The syntax is the grammar of a language. It describes all possible combination of symbols (words, numbers, characters) which may make a syntactically correct program.

Here is an example oriented after the language List:

expression ::= atom | list
atom       ::= number | symbol
number     ::= [+-]?['0'-'9']+
symbol     ::= ['A'-'Z''a'-'z'].*
list       ::= '(' expression* ')'

This means, an expression is either a atom or a list. An atom is either a number or a symbol. A number may be signed and contains a non-zero number of digits. A symbol is any combination of lower- and uppercase letters. A list is surrounded by round brackets and may contain zero or more Elements of the type expression. Hence a list may contain a list as an element.

Note that not all syntactically correct programs are correct or make sense. Here is a natural language example of statements which have a correct grammar but do not make sense.

"Colorless green ideas sleep furiously."
"John is a married bachelor."

Semantic

The meaning of a language is described by the semantic. We distinguish between static semantic and dynamic semantic.

The static semantic defines limitations to the structure of a valid text which cannot be expressed by semantic rules. Often this is done by defining a type system and valid combinations of types.

def f(x):
    return x
f + 3        # semantically not correct
f(4, 5, 6)   # semantically not correct

The dynamic semantic defines how and when the various instructions of a language result in program behavior. In the Python example below, in the last line a and b are assigned to b and b+a in one statement.

a = 1
b = 2
a, b = b, b + a

b could have the value 3 or 4, depending on the meaning of a at the end of the last line. In Python, the semantic rule for assignment operations is that before the assignment, the right hand side is evaluated. That means that b will have the value 3 in the end.

Type System

A type system classifies values and expressions in types. Possible types for a number may be integer, floating point or complex. Other types might be function, class or exception. By classifying objects into types, valid operations on combinations of types can be defined. This can guarantee the correctness of a peace of code. Not all languages have a type system. We distinguish languages as

  • typed vs untyped: untyped languages allow all operations on all kind of data. Typed languages only allow for some operations on particular types.

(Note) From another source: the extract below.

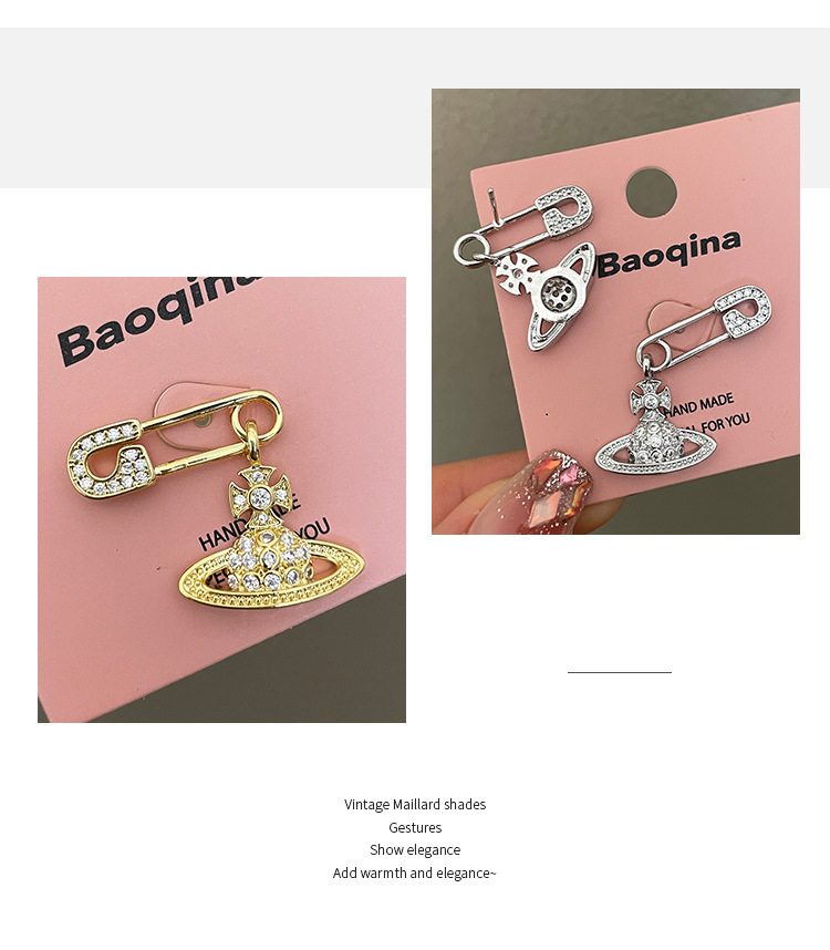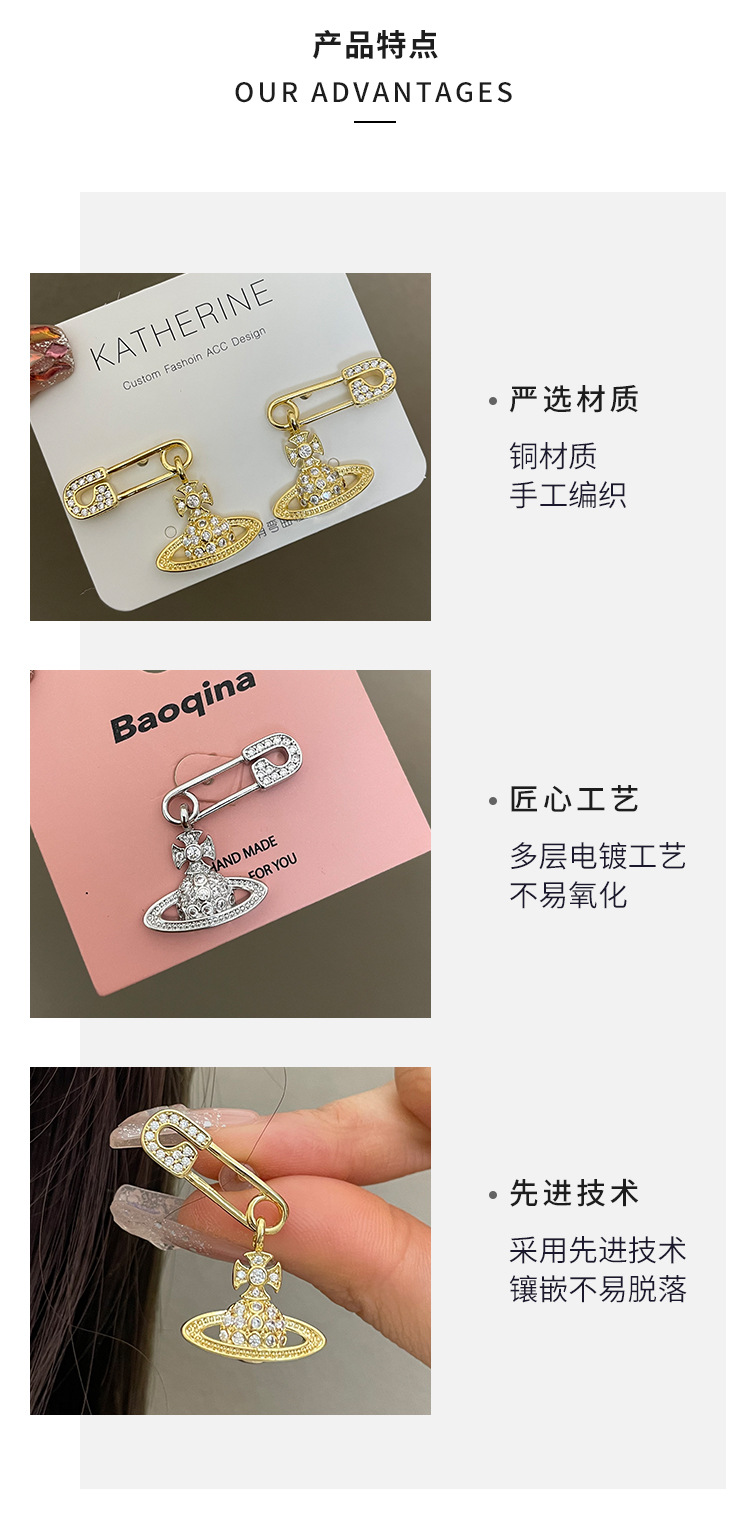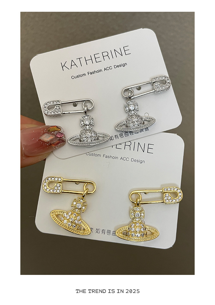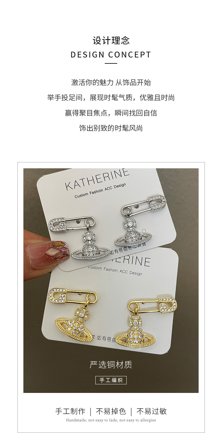 1614 zircon saturn pin gold stud earrings

  • static vs dynamic typing: static typing requires to specify the type of some data before the program is run. Dynamic typing checks the correctness of a program while it is executed.

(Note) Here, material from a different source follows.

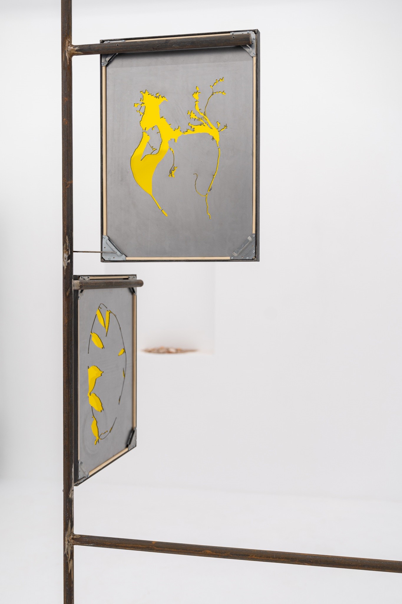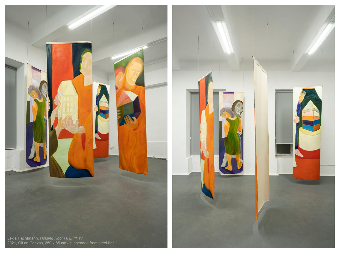 Seria „Holding Room” este compusă din patru tablouri, fiecare suspendată de tavan ca niște perdele, plutind în cameră, chiar deasupra podelei. Cele patru formate lungi și înguste cuprind un spațiu interior în cadrul expoziției prin care spectatorul poate naviga. Picturile tratează ideea unei „case interioare”, un spațiu sacru asupra căruia individul deține controlul. Folosind acest motiv interesant ca punct de plecare pentru lucrare, am urmărit să traduc această imagine religioasă într-un limbaj universal, vizual, care să pună întrebări despre controlul, căminul și accesibilitatea spațiilor, încercând în același timp să construiesc un spațiu universal, subiectiv, incluziv pentru femei în expoziție.

  • weak vs strong typing: weak typing allows to treat data of one type as being of another compatible type, e.g. by doing implicit type conversion.

The following example is valid Python code.

def add_one(x):
    return x + 1.0

a = add_one(1)
b = add_one(4.0)

We define the function add_one but we do not specify the type of the parameter x. We can call the function both with an integer or a floating point number as its argument. Hence, the language is dynamically typed. Within the function we add the floating point number 1.0 to the argument and return the result. For a strongly typed language, additions are only possible for numeric data of the same type. However, the program has no problem in accepting a integer as the argument to the function. When the addition is taking place, the integer number is implicitly converted to a float.

Programming paradigms

A programming paradigm is a style of creating the structure and components of a program. Programming languages may be classified into following paradigms:

  • declarative: describes what shall be done but not how (e.g. SQL, HTML)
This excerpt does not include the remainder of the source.